Promising, practical ... and, as with so many applications of massive data collection and analysis, maybe a little perturbing. This post is primarily for the materials scientist in the family, but it should be interesting to anyone.
Scientists at MIT and Berkeley, using Artificial Intelligence algorithms to pore over abstracts from papers related to materials science, have successfully predicted scientific discoveries.
Researchers from the Lawrence Berkeley National Laboratory used an algorithm called Word2Vec sift through scientific papers for connections humans had missed. Their algorithm then spit out predictions for possible thermoelectric materials. ... The algorithm didn’t know the definition of thermoelectric, though. It received no training in materials science. Using only word associations, the algorithm was able to provide candidates for future thermoelectric materials.
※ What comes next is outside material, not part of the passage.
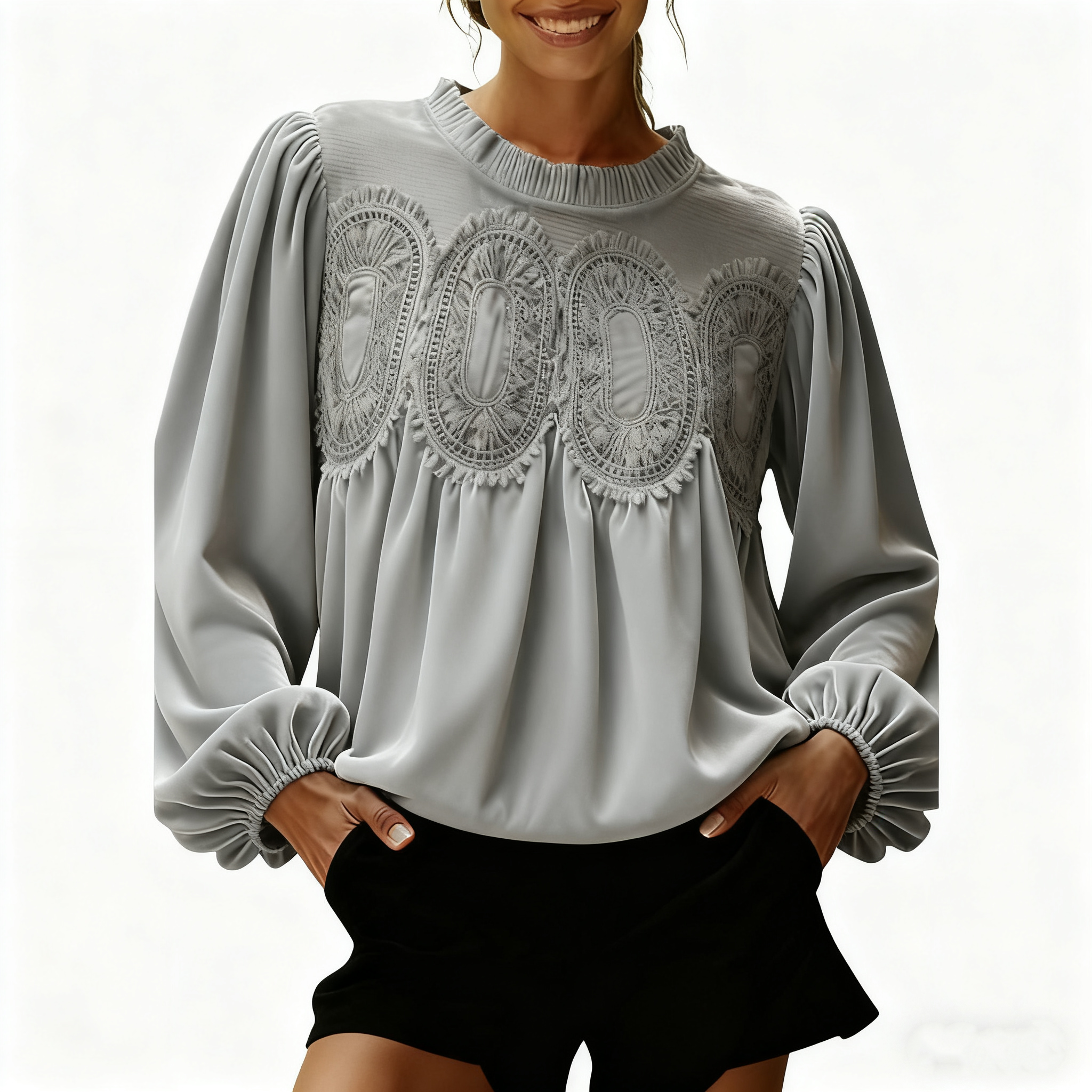 ·Year-Round Staple: Transitions seamlessly from day to evening.·Image Description:·Round Neck Blouse: Features a long sleeve design with delicate lace trim.·Flared Silhouette: Adds a feminine touch to the overall look.·Soft Flowing Hem: Creates a graceful appearance.
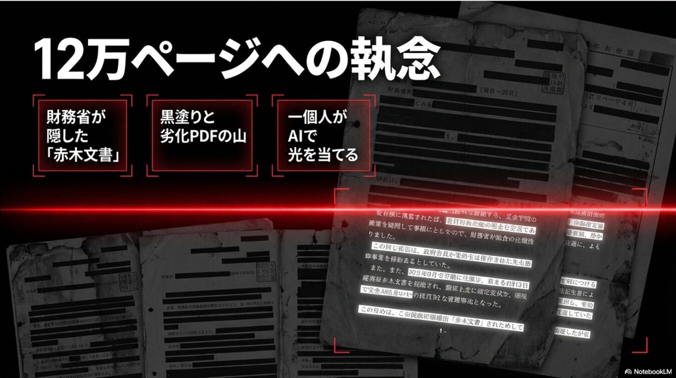 財務省が公開した「赤木文書」。公文書改ざんを強要され自死した赤木俊夫さんが遺した、約12万ページにも及ぶ膨大な資料群である。しかし、国が公開したデータは、あえて「デジタルデータを一度紙に印刷し、それを再びスキャンする」という、検索逃れとしか思えない不自然な劣化処理が施されたPDFファイルの山だった。通常の検索すらままならないこの巨大なブラックボックスに、一個人のエンジニアがいかにして光を当てたのか。

Using just the words found in scientific abstracts, the algorithm was able to understand concepts such as the periodic table and the chemical structure of molecules. The algorithm linked words that were found close together, creating vectors of related words that helped define concepts. In some cases, words were linked to thermoelectric concepts but had never been written about as thermoelectric in any abstract they surveyed. This gap in knowledge is hard to catch with a human eye, but easy for an algorithm to spot.
In one experiment, researchers analyzed only papers published before 2009 and were able to predict one of the best modern-day thermoelectric materials four years before it was discovered in 2012.
This new application of machine learning goes beyond materials science. Because it’s not trained on a specific scientific dataset, you could easily apply it to other disciplines, retraining it on literature of whatever subject you wanted.
Here's an article from MIT that's a bit more technical.
MIT and Berkeley may be doing this particular research, but anyone want to guess where the Word2vec algorithm was developed?
Google.